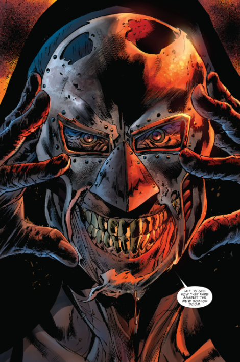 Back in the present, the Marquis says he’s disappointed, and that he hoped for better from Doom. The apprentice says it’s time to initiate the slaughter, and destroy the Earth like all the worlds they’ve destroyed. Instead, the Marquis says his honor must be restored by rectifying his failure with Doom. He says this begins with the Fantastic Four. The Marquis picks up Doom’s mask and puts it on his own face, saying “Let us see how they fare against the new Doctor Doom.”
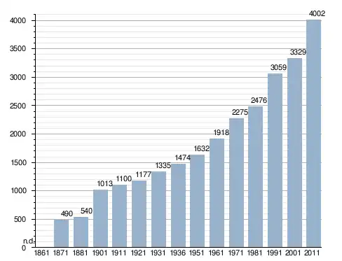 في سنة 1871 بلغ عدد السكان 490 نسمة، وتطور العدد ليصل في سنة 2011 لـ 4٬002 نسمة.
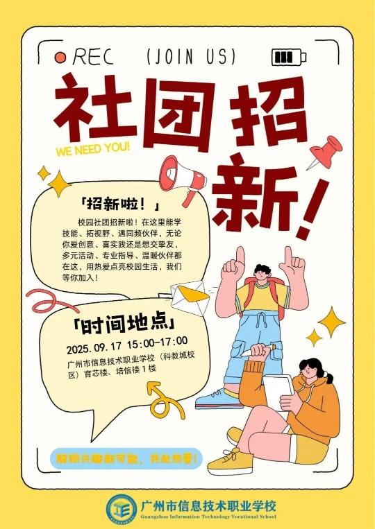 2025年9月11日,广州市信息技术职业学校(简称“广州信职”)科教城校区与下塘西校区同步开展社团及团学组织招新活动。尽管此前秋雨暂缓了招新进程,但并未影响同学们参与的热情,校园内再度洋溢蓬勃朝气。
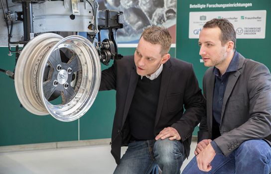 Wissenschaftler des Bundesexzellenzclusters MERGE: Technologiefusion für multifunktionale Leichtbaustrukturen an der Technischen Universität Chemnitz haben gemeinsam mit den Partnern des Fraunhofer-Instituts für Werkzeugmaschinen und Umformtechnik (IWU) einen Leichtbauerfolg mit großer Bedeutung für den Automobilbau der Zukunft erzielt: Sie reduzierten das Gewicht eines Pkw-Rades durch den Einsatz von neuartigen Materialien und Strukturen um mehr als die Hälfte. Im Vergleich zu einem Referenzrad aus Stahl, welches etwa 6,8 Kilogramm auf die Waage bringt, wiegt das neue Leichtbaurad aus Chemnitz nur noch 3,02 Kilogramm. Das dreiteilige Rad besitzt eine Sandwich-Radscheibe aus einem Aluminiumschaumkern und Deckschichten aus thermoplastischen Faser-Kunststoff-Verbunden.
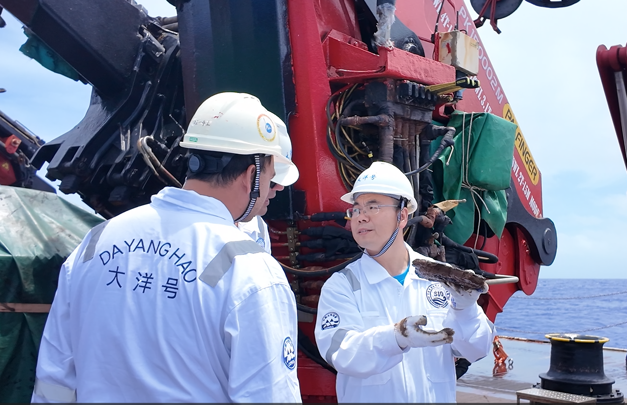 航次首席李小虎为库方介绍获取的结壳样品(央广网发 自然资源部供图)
▬▬▬▬▬▬▬▬▬▬
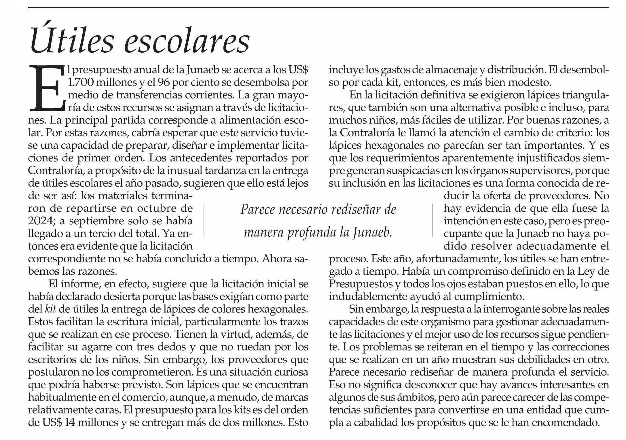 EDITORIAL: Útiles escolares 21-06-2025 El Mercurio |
▬▬▬▬▬▬▬▬▬▬
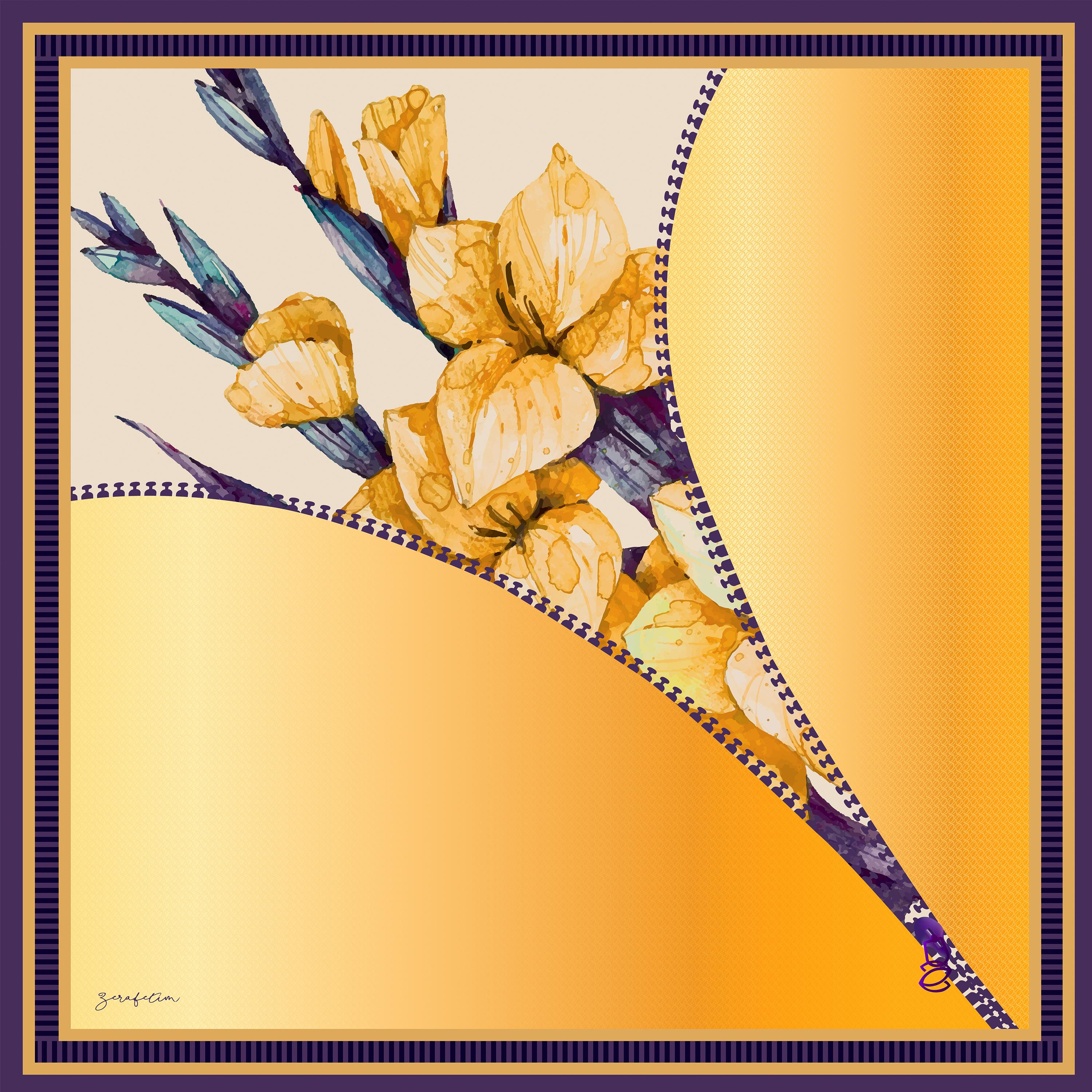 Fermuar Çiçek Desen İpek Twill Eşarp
▬▬▬▬▬▬▬▬▬▬
■ **Task directions**
Look above for the line with "Wissenschaftler des Bundesexzellenzclusters"; quote it and every line after it, stopping after the line with "航次首席李小虎为库方介绍获取的结壳样品(央广网发 自然资源部供图)", exactly, with nothing added and without pictures.

■ **Answer space**
 Wissenschaftler des Bundesexzellenzclusters MERGE: Technologiefusion für multifunktionale Leichtbaustrukturen an der Technischen Universität Chemnitz haben gemeinsam mit den Partnern des Fraunhofer-Instituts für Werkzeugmaschinen und Umformtechnik (IWU) einen Leichtbauerfolg mit großer Bedeutung für den Automobilbau der Zukunft erzielt: Sie reduzierten das Gewicht eines Pkw-Rades durch den Einsatz von neuartigen Materialien und Strukturen um mehr als die Hälfte. Im Vergleich zu einem Referenzrad aus Stahl, welches etwa 6,8 Kilogramm auf die Waage bringt, wiegt das neue Leichtbaurad aus Chemnitz nur noch 3,02 Kilogramm. Das dreiteilige Rad besitzt eine Sandwich-Radscheibe aus einem Aluminiumschaumkern und Deckschichten aus thermoplastischen Faser-Kunststoff-Verbunden.
 航次首席李小虎为库方介绍获取的结壳样品(央广网发 自然资源部供图)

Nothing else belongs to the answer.